Much like Woody Allen's Zelig, Steve Moore would appear to have been involved intimately with the greater number of the British comic scene's most influential landmarks such as Doctor Who weekly and monthly, Warrior, and, in 1976, a fledgling weekly title which would become the venerable institution known as 2000AD. Here he created that long-standing format and excellent proving ground for new talent, Tharg's Future Shocks, along with is work on the reanimated versions of boyhood favourites Dan Dare and Rick Random, which in later years there were a slew of inventive serials such as Valkyries or his space-Yakuza narrative Red Fang. And yet, of all the many feathers in his 2000AD cap, the writing of which he remained the proudest was his work on the delirious and exquisite horror-fantasy, Tales of Telguuth.

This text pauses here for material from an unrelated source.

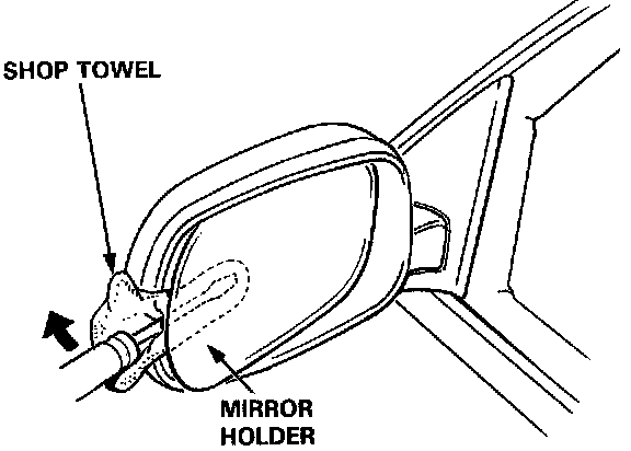 CAUTION: To prevent damage to the mirror, wrap the end at a flat tip screwdriver with a shop towel.

His writing style, commenced in the restrictive and pragmatic confines of the early boys' adventure comic was brisk, spare and functional in keeping with the editorial directives of the 1960s, but throughout his long career you can see finer, more exotic sensibilities attempting to break through without disrupting the professional requirements of a fast-paced action story. By the time that he was in his twenties, he was reading less and less adventure fiction (prose or comic book) for personal enjoyment and was gravitating more towards the Classical or Oriental; to the Gothic and the Decadent. The jewelled concerns of language and originality of concept became his priorities, more so than the old-school story requirements of perpetual physical activity and constant danger. He wanted to write a fantasy narrative which reflected his genuine personal tastes and interests in that genre. These had shifted from a general affection for the field of sword and sorcery to a more rarefied appreciation for the Dying Earth tales of Jack Valance and, especially, the glittering fantasies and decadent prose-poetry penned by Clark Ashton Smith.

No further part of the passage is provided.